#### Requirement
Only one stretch of the records below is wanted: the lines from the one holding "MOYUUM苹果咬咬乐袋婴儿吃水果辅食器宝宝果蔬咬玩乐磨牙工具硅胶咬牙胶 桃粉色 1个装" through the one holding "Dall'8 al 13". Return it exactly, both ends included.

#### Task inputs
•••
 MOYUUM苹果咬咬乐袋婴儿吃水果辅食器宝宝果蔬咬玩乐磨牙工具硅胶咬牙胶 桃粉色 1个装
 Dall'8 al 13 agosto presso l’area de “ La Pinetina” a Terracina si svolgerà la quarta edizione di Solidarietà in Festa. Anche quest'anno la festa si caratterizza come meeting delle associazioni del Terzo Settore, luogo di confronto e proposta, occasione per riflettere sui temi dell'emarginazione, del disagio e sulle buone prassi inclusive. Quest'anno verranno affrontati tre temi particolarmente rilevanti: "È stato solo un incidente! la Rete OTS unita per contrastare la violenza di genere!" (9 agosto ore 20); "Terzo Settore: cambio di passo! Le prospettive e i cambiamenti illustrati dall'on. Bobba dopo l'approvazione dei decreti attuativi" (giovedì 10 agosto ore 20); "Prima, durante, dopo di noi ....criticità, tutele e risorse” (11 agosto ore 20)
•••
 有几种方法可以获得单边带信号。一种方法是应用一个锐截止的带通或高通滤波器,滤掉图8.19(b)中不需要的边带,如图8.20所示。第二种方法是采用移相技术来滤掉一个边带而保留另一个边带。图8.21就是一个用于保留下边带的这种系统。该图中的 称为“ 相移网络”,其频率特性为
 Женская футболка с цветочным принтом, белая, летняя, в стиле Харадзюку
•••
#### Reply to the task
 MOYUUM苹果咬咬乐袋婴儿吃水果辅食器宝宝果蔬咬玩乐磨牙工具硅胶咬牙胶 桃粉色 1个装
 Dall'8 al 13 agosto presso l’area de “ La Pinetina” a Terracina si svolgerà la quarta edizione di Solidarietà in Festa. Anche quest'anno la festa si caratterizza come meeting delle associazioni del Terzo Settore, luogo di confronto e proposta, occasione per riflettere sui temi dell'emarginazione, del disagio e sulle buone prassi inclusive. Quest'anno verranno affrontati tre temi particolarmente rilevanti: "È stato solo un incidente! la Rete OTS unita per contrastare la violenza di genere!" (9 agosto ore 20); "Terzo Settore: cambio di passo! Le prospettive e i cambiamenti illustrati dall'on. Bobba dopo l'approvazione dei decreti attuativi" (giovedì 10 agosto ore 20); "Prima, durante, dopo di noi ....criticità, tutele e risorse” (11 agosto ore 20)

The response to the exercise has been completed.